Task objective:
Return only the lines below starting at the line containing "Color. Illus. England;" and ending at the line containing "Feiern Sie die", both included, exactly as they are and with no pictures.

[Source data — start]

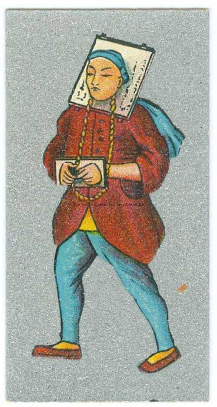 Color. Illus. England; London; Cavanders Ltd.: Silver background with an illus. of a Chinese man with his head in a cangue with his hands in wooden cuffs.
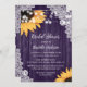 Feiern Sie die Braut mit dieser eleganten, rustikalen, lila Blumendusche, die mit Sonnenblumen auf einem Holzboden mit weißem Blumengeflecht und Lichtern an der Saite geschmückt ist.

[Source data — finish]
[Source data — start]

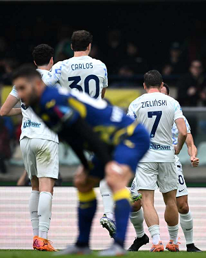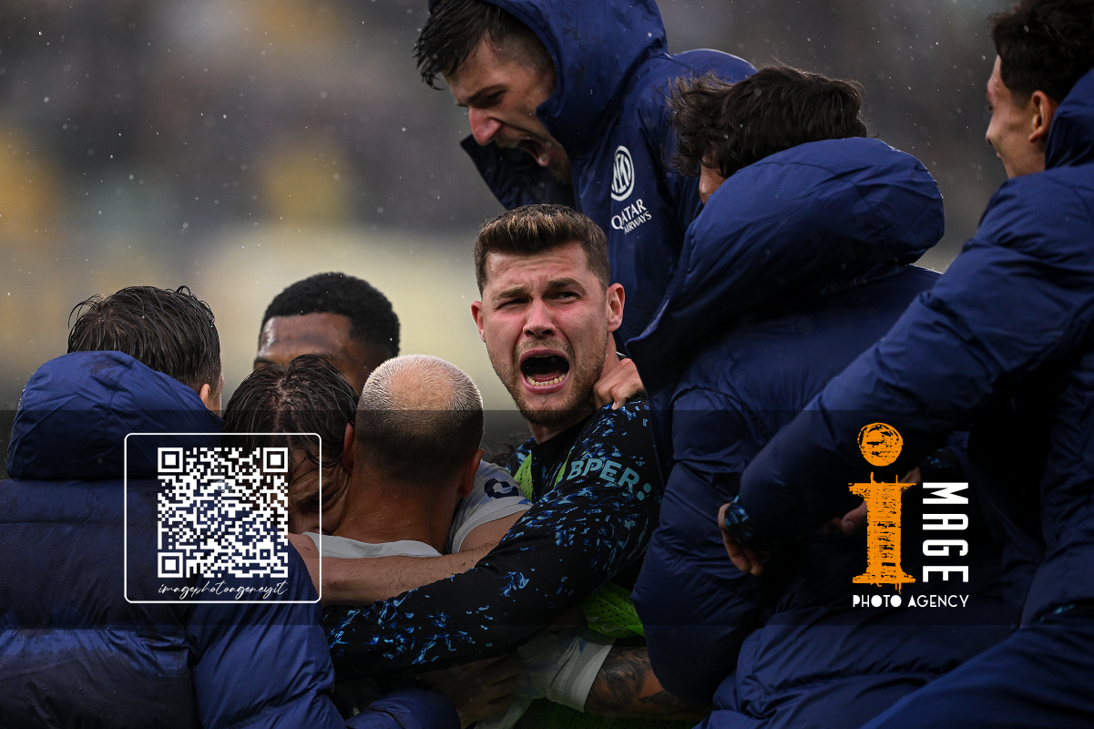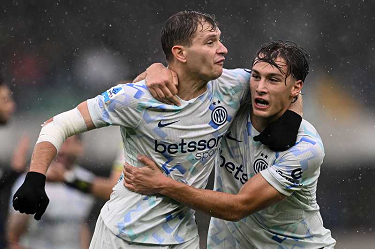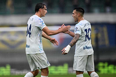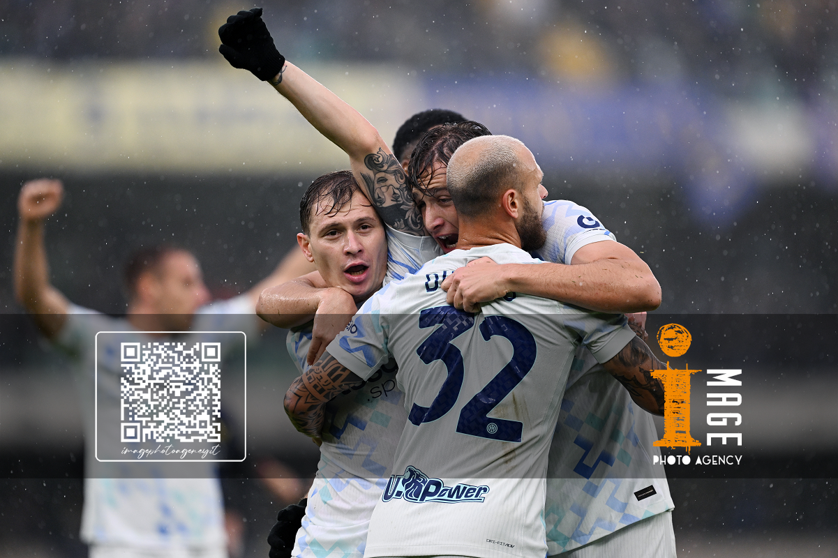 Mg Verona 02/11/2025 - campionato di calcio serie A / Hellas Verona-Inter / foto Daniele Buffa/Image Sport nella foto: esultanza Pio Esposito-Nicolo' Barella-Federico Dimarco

[Source data — finish]

Answer to this task:
 Color. Illus. England; London; Cavanders Ltd.: Silver background with an illus. of a Chinese man with his head in a cangue with his hands in wooden cuffs.
 Feiern Sie die Braut mit dieser eleganten, rustikalen, lila Blumendusche, die mit Sonnenblumen auf einem Holzboden mit weißem Blumengeflecht und Lichtern an der Saite geschmückt ist.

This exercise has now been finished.